S H Lee 1,2,*, J H J van der Werf 1
PMCID: PMC4848406  PMID: 26755623

Abstract

Summary: We have developed an algorithm for genetic analysis of complex traits using genome-wide SNPs in a linear mixed model framework. Compared to current standard REML software based on the mixed model equation, our method is substantially faster. The advantage is largest when there is only a single genetic covariance structure. The method is particularly useful for multivariate analysis, including multi-trait models and random regression models for studying reaction norms.
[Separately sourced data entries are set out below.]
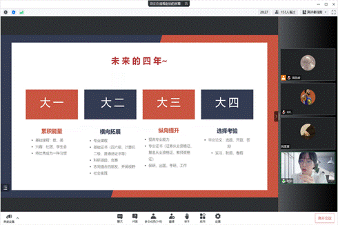 学院邀请优秀毕业生赵怡进行大学生涯规划专题分享。2023年,赵怡以专业第一的成绩保研至西南财经大学中国金融研究院金融学专业。“此次分享主要从大学各阶段规划、保研如何准备、学生工作社会实践及学习心态四个方面开展,并以自己的亲身经历为背景,讲述学业成绩、科研项目、竞赛获奖三个阶段的学习方法与技巧,鼓励同学们参加各类竞赛,不断培养自己综合能力,平衡竞赛活动和学习间的关系,做到德智体美劳全面发展。”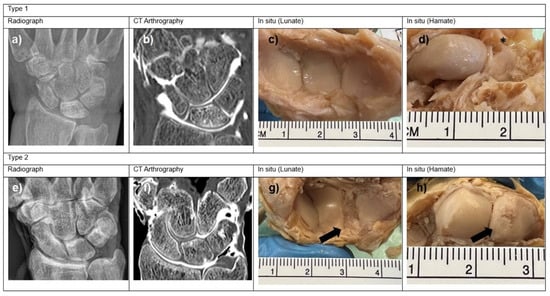 Radiographs, CT arthrographs, and in situ photographic documentation of lunate type 1 (a–d) and lunate type 2 (e–h) conducted on the same specimens. Arrows indicate osteoarthritis, and Asterix indicates preparation artifact (fracture).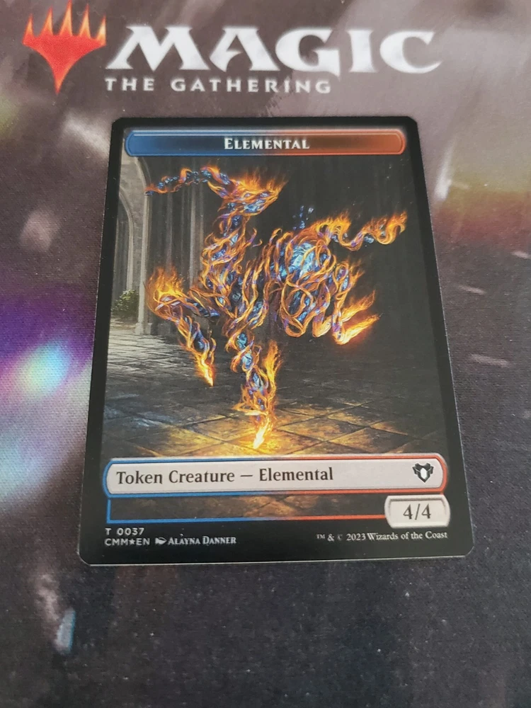 This double-sided token features an Elemental creature on one side and a Treasure artifact on the other. It is a rare and valuable addition to any Magic: The Gathering player's collection, particularly those who enjoy the Commander format. The card is in near mint condition or better, and has a stunning foil finish that makes it truly stand out. This Commander Masters token is ungraded, but its quality speaks for itself. Whether you're a collector or a player, this Treasure/Elemental token is a must-have item. Don't miss out on the chance to add it to your collection.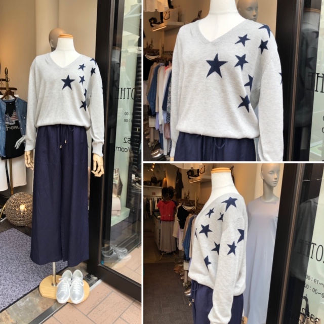 星モチーフのニット💕 完売していた星モチーフのニットが一枚入荷しました💕 レーヨン❎コットンのとってもソフトな着心地です💕 ご配送も無料でさせて頂きますのでお気軽にお申し付けください💕 ニット 8900円💕 パンツ 11000円💕 2020年4月17日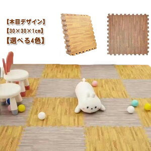 【木目デザイン】【30×30×1cm】【選べる4色】赤ちゃんのいるご家庭でも安心してお使いいただける、フローリングの傷防止等に最適なジョイントマットです。弾力のある素材が衝撃を吸収。階下に音が響きにくくなるので...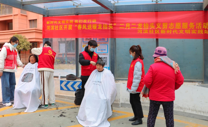 二月二龍?zhí)ь^,中國(guó)民間素有“二月二剃龍頭”的傳統(tǒng)習(xí)俗,有“理發(fā)去舊”的寓意。為解決轄區(qū)居民的“頭”等大事,進(jìn)一步弘揚(yáng)“奉獻(xiàn)、友愛、互助、進(jìn)步”的志愿服務(wù)精神,為社區(qū)居民提供更貼心、更便利的生活服務(wù)。2023年2月21日,文峰街道河濱社區(qū)新時(shí)代文明實(shí)踐站聯(lián)合金銀島物業(yè)公司開展“春風(fēng)送暖龍?zhí)ь^”二月二龍?zhí)ь^義剪志愿服務(wù)活動(dòng)。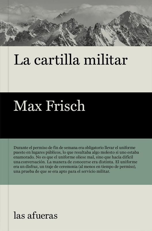Coincidiendo con el ochenta aniversario del estallido de la Segunda Guerra Mundial, Las afueras recupera La cartilla militar, del escritor suizo en lengua alemana Max Frisch. Lejos de ser un libro bélico al uso, la rememoración del servicio militar del autor supone una sucesión de días vacíos de contenido y exentos de cualquier rasgo de heroísmo. Esta experiencia ayudará a Frisch a explorar uno de sus temas predilectos: las tensiones a las que se ve sometido el individuo dentro del grupo y su lucha por no ser subsumido en su interior. El distanciamiento irónico y el uso de una prosa precisa y contenida, hace que en el relato vayan aflorando imágenes de gran belleza que se van entrelazando con sus reflexiones sobre la sinrazón y el absurdo de la guerra.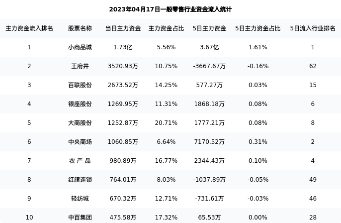 从主力资金流向来看,一般零售行业今日主力资金流入27.16亿元,在所有申万二级行业中排名:61/131。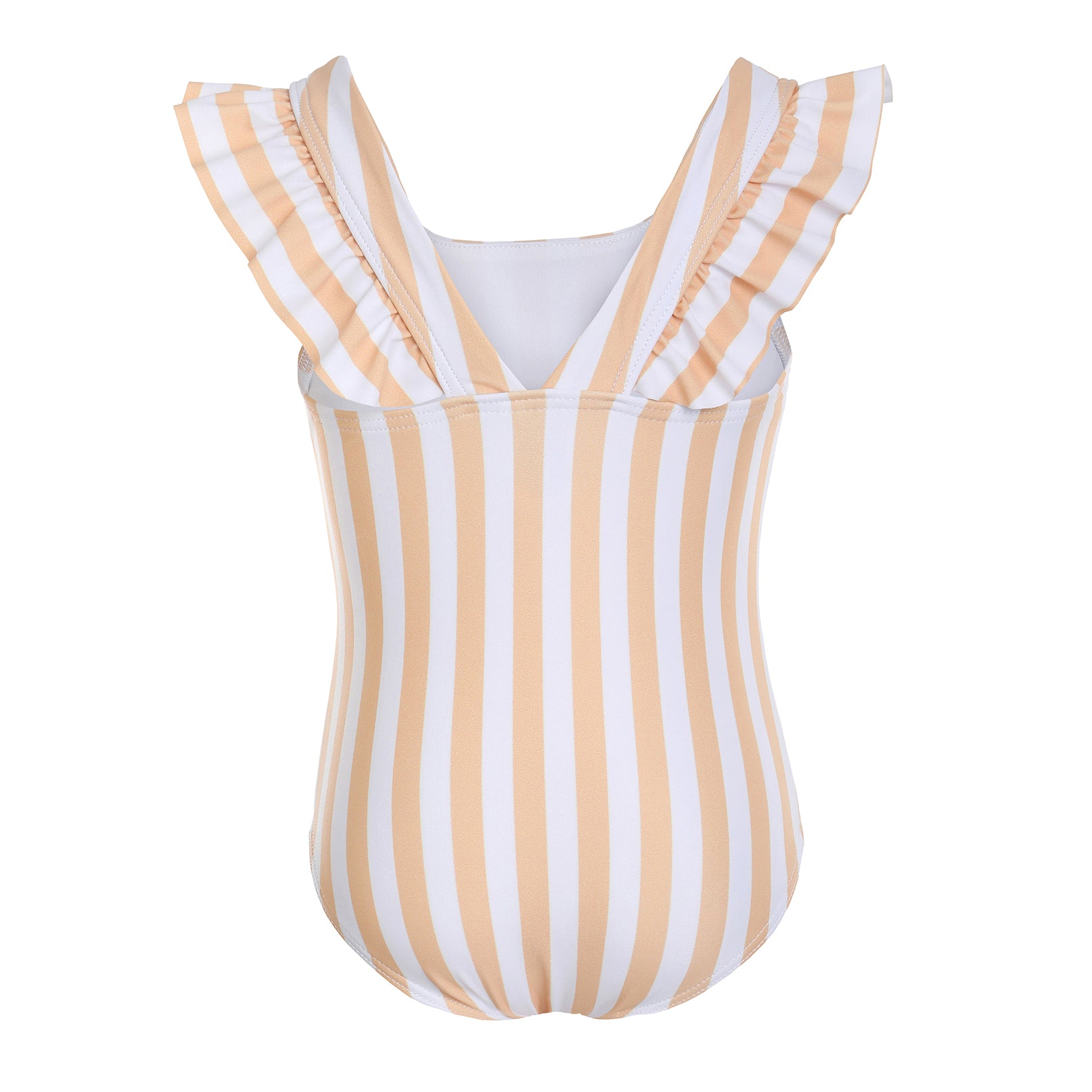 Perfect for long days spent at the beach or lounging poolside, this one-piece with beautiful ruffle detail is fully lined and is made in UPF 50+ sun-protective and sustainable, high quality nylon/lycra fabric to keep her safe all day long.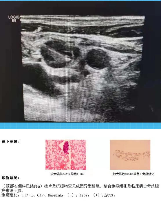 由于淋巴结的“个头”已经到了1.2x0.9cm,又紧邻颈动脉及颈内静脉,所处位置危险,淋巴结的性质关系到手术及今后的治疗方向,顿时这个令人“头疼”的淋巴结让张叔叔一家紧张起来。经过与医生的讨论,决定选择超声引导下细针穿刺活检。术后病理提示腺癌,考虑来源于肺,为临床下一步治疗提供了有利依据。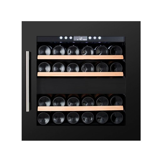 Stylowy design z frontem z czarnego szkła, wysuwanymi półkami z drewna bukowego i białym oświetleniem wewnętrznym LED. Dzięki panelowi dotykowemu i wyświetlaczowi cyfrowemu masz pełną kontrolę nad temperaturą i oświetleniem.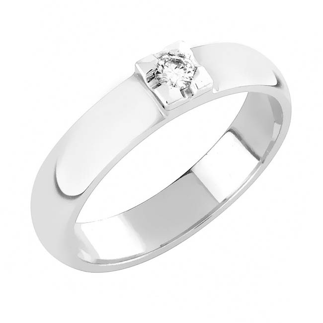 Valkokultainen timanttisormus tarjoushintaan. 14 karaatin valkokullasta valmistetun tynnyriprofiilisen rungon leveys on 4 mm. Sormuksessa on yksi timantti, jonka paino on 0,07 ct.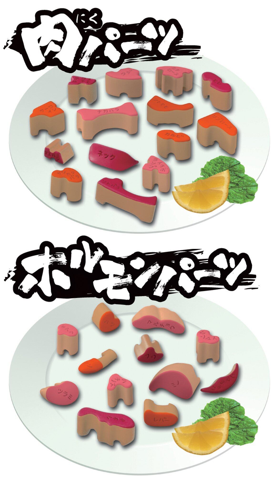 遊びながら肉、ホルモンの部位を学べるパズルが登場!パーツは全37パーツで、2重構造!手の温度で肉パーツの色が変わるカラーチェンジモデル。手で焼肉できちゃう!?付属のお皿型の台座シートに乗せて飾ろう!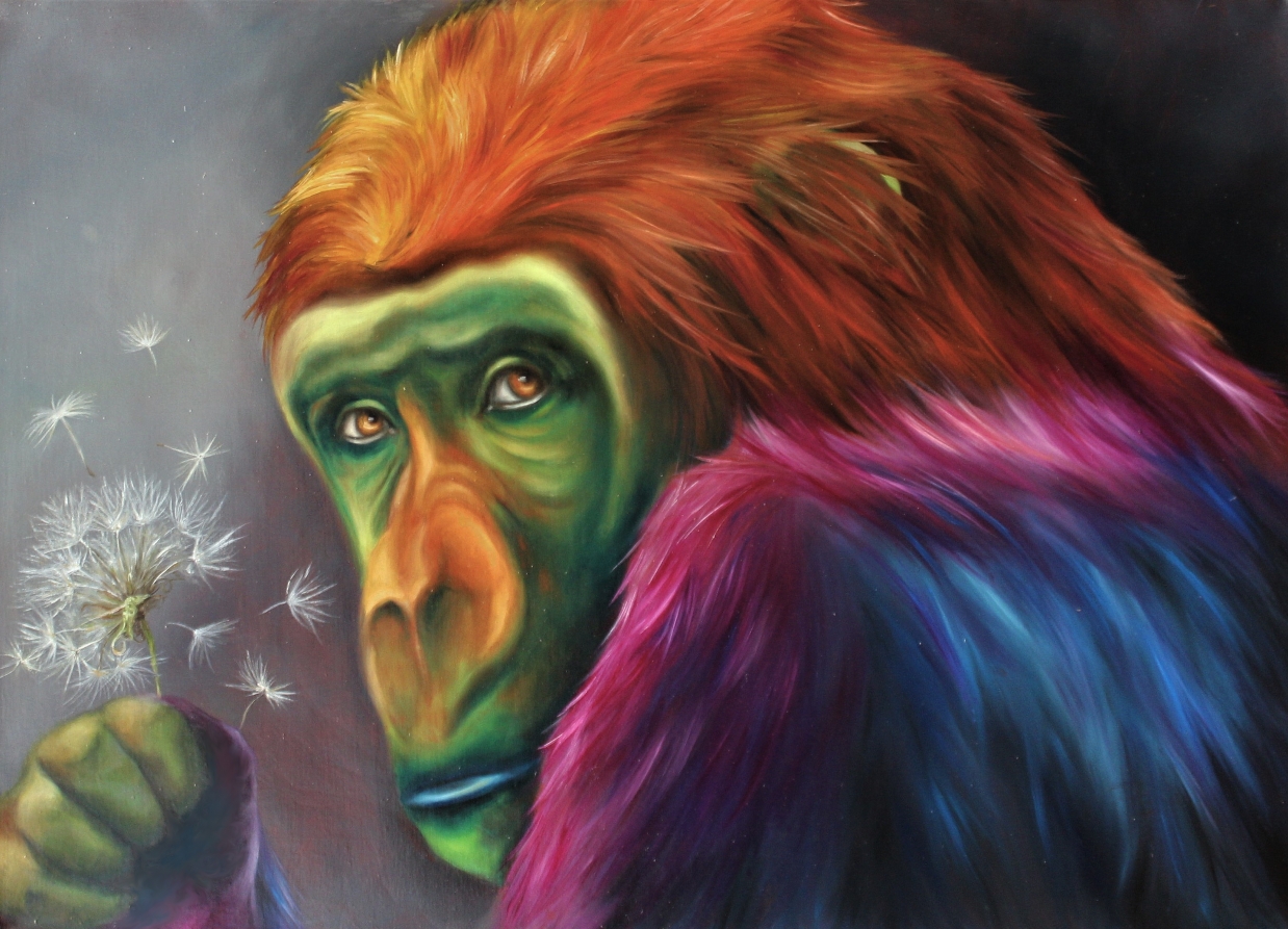 Giusi Velloni presenta una serie di dipinti che trattano della natura, l’ambiente facenti parte tutti integrante di un grande cosmo, ma gli animali sono i protagonisti. In uno stile autonomo Velloni afferma il suo linguaggio pittorico in calibrati equilibri di masse contrapposte, forti chiaroscuri e potenti accensioni cromatiche. Le opere in mostra affermano l’amore dell’artista per la natura, consapevole di come tutto e tutti dipendano da essa. L’uomo e gli animali sono simboli della natura appartenenti allo stesso pianeta. Gli animali dallo sguardo acuto, ci costringono a guardarli negli occhi, un incontro con l’altro da sé, che può rivelarsi perturbante.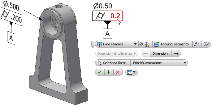 Nota: Il comando Lavorazione di tolleranza rileva automaticamente quote schizzo o lavorazione associate create sul modello. Il comando implicitamente promuove la quota tolleranza durante la creazione di una lavorazione di tolleranza.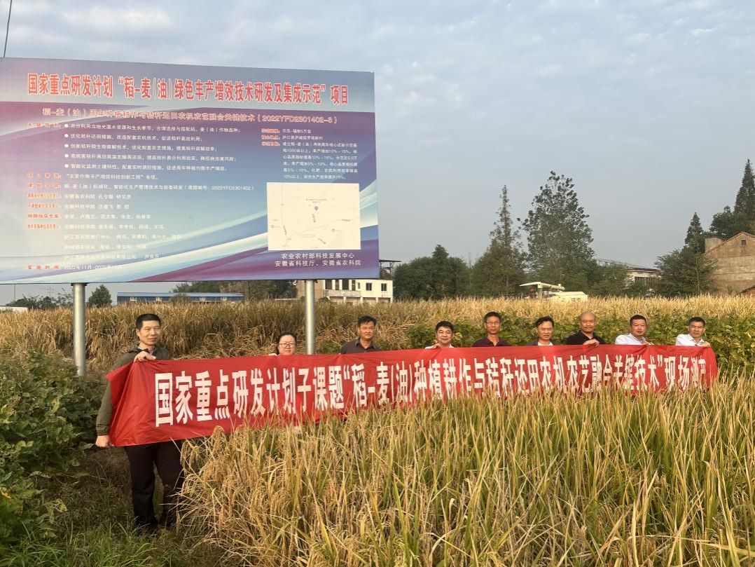 2024年10月12日,安徽省秸秆和畜禽养殖废弃物综合利用产业技术体系首席专家汪建飞教授及其科研团队一行,前往安徽省庐江县圆梦农场进行国家重点研发计划子课题“稻-麦(油)种植耕作与秸秆还田农机农艺融合关键技术”现场测产,参加现场测产的专家有合肥市农业科学院院长梁华金,庐江县农业技术推广中心主任吴晨阳、副主任吴小文、推广研究员周兵,庐江县白湖镇农技站推广研究员郑先报与庐城镇农技站高级农艺师詹成。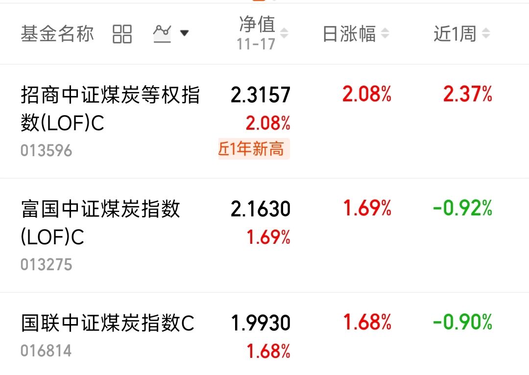 现在的行情,题材有机会的前提一定是权重在稳住指数而不是权重在砸盘,所以我还是选择周期资源和大金融,这2者稳住,后面行情才会有持续性。$招商中证煤炭等权指数(LOF)C(OTCFUND|013596)$昨日上涨2.08%,$富国中证煤炭指数(LOF)C(OTCFUND|013275)$昨日上涨1.69%,$国联中证煤炭指数C(OTCFUND|016814)$昨日上涨1.68%。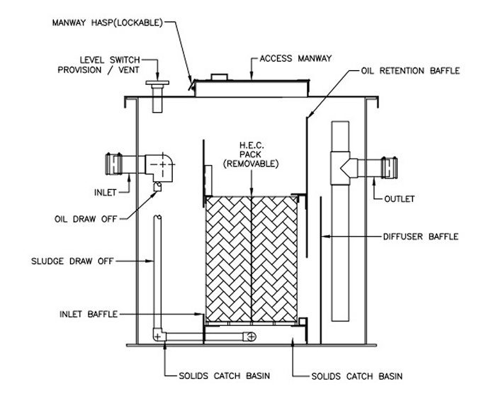 OWS TECH’s RF-Series oil water separators are design specific and meet or exceed today’s strict discharge limits. Our performance proven separators are made from the highest quality fiberglass to ensure structural integrity and use a unique high efficiency coalescer (HEC) pack to remove free non-emulsified hydrocarbons with a specific gravity less than 0.95. Our (HEC) packs unique random tube matrix flushes solids and removes oil droplets down to 20 micron size with an effluent discharge quality of 10 ppm or less. The RF-Series by design has a low maintenance factor and is easily serviceable due to its large manway access opening and light weight removable (HEC) packs. Flow rates range from 20-400 GPM thru a single unit and larger flow rates can be accommodated with multiple units. With an extensive line of standard products ranging from 4′ to 8′ in diameter we’re sure to have one that meets your specific application.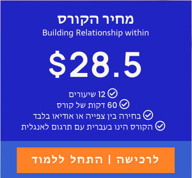 הקורס כולל 12 שיעורים מקצועיים, בעברית עם תרגום לאנגלית (במידת הצורך), הקורסים מוקלטים מראש ודפי הנחייה זמינים להורדה.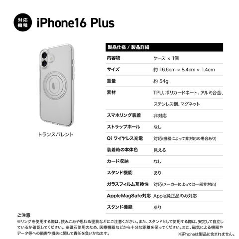 iPhone 16 Plus ケース クリア MagSafe対応 スタンド リング付き 耐衝撃 マグセーフ リング スマホケース iPhone16Plus 対応 MagEasy MagStand 360 M with Ring
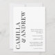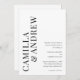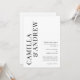 Un Faire-part de mariage de code QR moderne typographique noir et blanc avec de grands noms de couples et des détails sur le devant. L'arrière est doté d'un code QR avec des détails supplémentaires pour les clients, ce qui en fait une option abordable.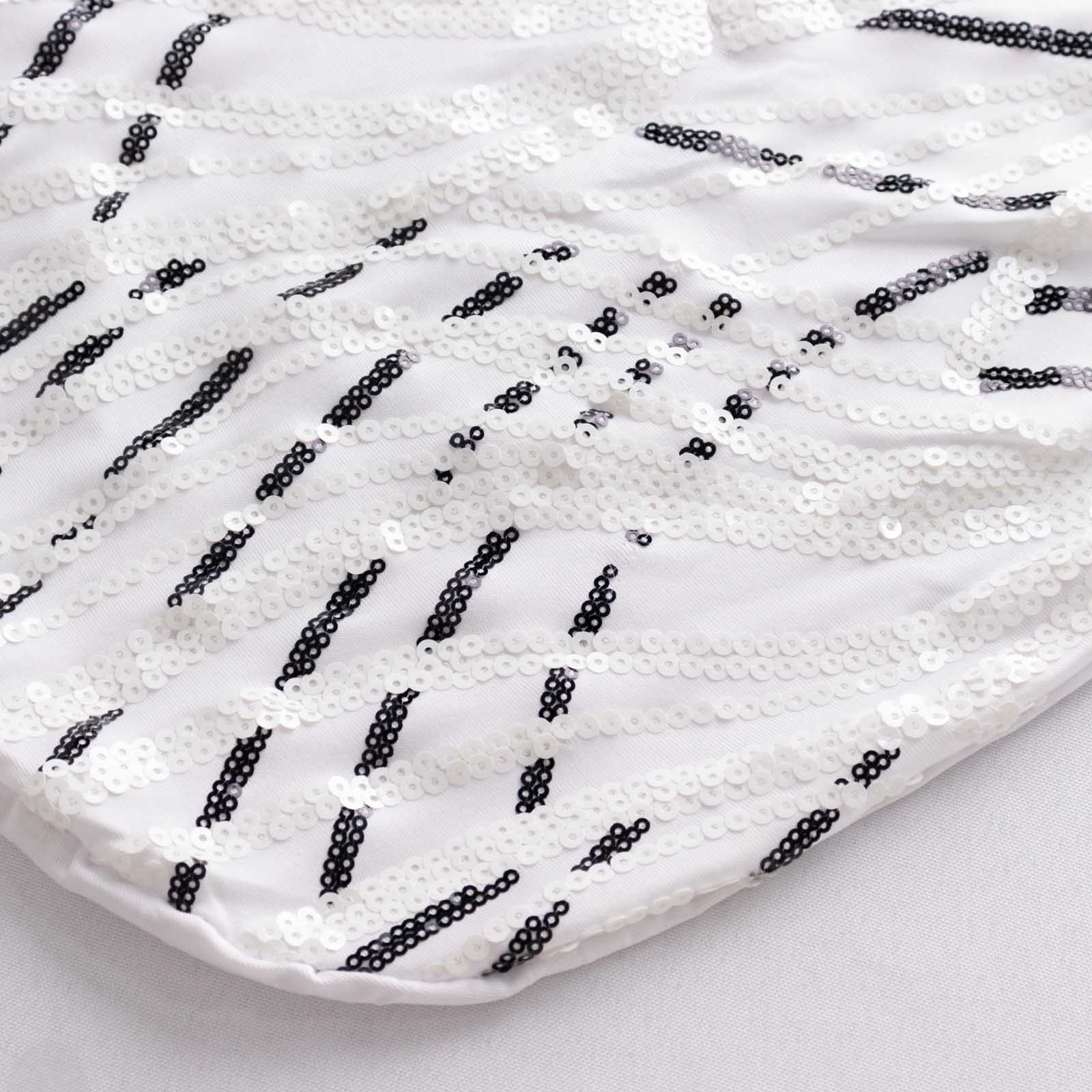 Experience the allure of our White Black Spandex Fitted Banquet Chair Cover. This piece features stunning wave embroidered sequins that elevate any event. The intricate design catches the light beautifully, creating a dazzling effect.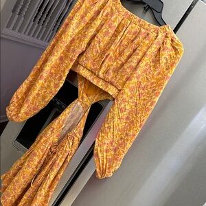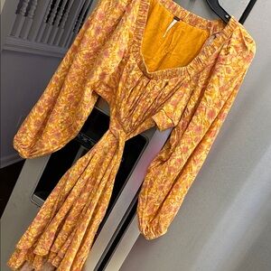 Chic floral blouse with a vibrant yellow and pink pattern. Perfect for casual outings.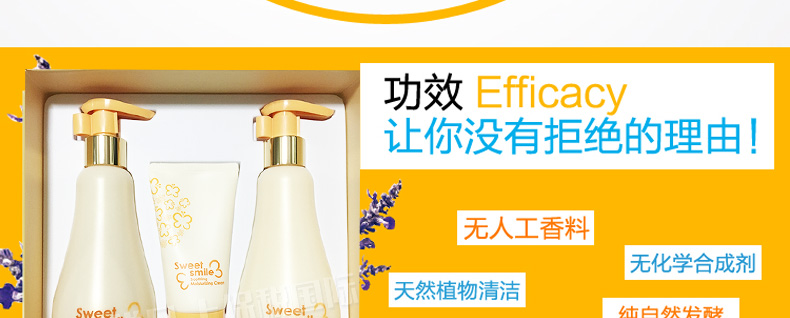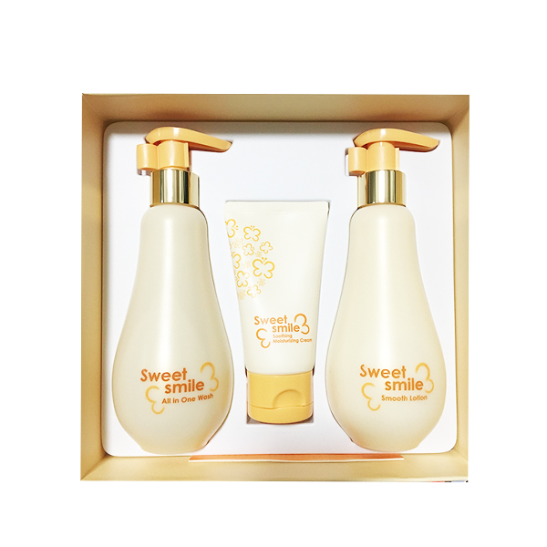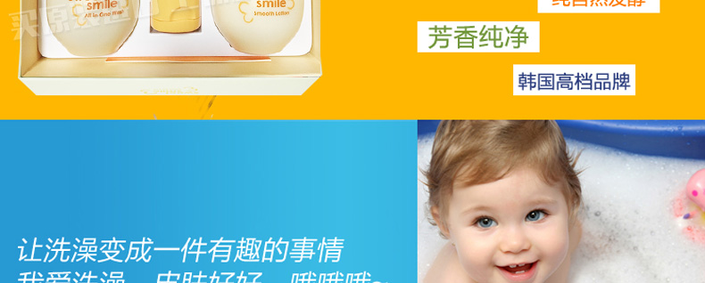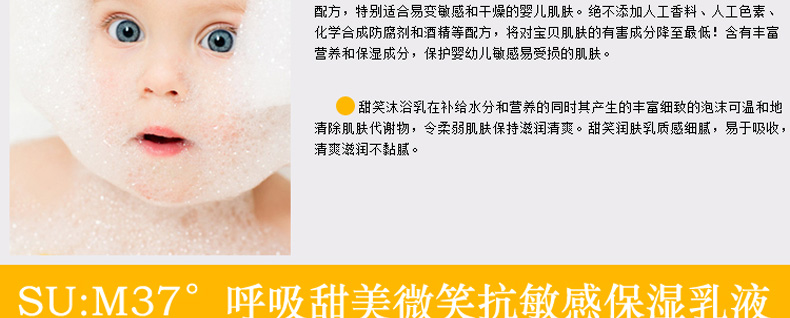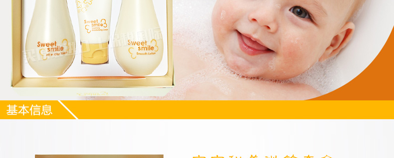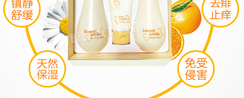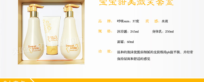 韓國呼吸sum:37度 寶寶甜美微笑套盒洗發沐浴面霜兒童套裝—— 1.溫和的泡沫使脆弱細膩的皮膚維持ph值平衡,并經常保持濕潤和舒適的感覺 2.沐浴露:245ml 身體乳:250ml 面霜:60ml |

We applied our proposed method to publicly available mice and human data and discuss the advantages and limitations.

Availability and implementation: MTG2 is available in https://sites.google.com/site/honglee0707/mtg2.

Contact: hong.lee@une.edu.au

Supplementary information: Supplementary data are available at Bioinformatics online.

1 Introduction

Previously, methods were developed to estimate genetic variance and genetic correlations between complex traits explained by genome-wide SNPs using linear mixed models (Lee et al., 2012; Maier et al., 2015; Yang et al., 2011). As genetic relatedness among (conventionally) unrelated subjects could be estimated based on genomic information, which replaces family studies with population studies, the model allows estimation of the genetic effects to be much less confounded with family environmental effects. For this same reason, the approach has also been proposed as a more powerful tool to detect genotype–environment interaction (G × E) (Lee et al., 2015). That is, in the presence of G × E, the genetic correlation between genetic effects in different environments is significantly lower than one (Falconer and Mackay, 1996). In order to capture G × E across a trajectory of multiple environments, random regression models have been proposed for evolutionary and livestock genetics (Kirkpatrick et al., 1990; Meyer and Hill, 1997). The random regression model is also known as the reaction norm model (Kirkpatrick and Heckman, 1989).

In estimating genetic variance explained by genetic markers, Lee and Van der Werf (2006) introduced an efficient average information (AI) algorithm to obtain residual maximum likelihood (REML) estimates. As opposed to using Henderson’s mixed model equation (MME) the algorithm was based on using the variance covariance matrix of phenotypic observations directly, hence the term ‘direct AI algorithm’. The algorithm is particularly advantageous when using a dense covariance matrix, such as the genomic relationship matrix (GRM), and with a large number of multiple variance components. The direct AI algorithm has been implemented in GCTA-GREML (Lee et al., 2012; Yang et al., 2011, 2013) and MultiBLUP (Speed and Balding, 2014) that have been widely used in human, evolutionary and livestock genetics.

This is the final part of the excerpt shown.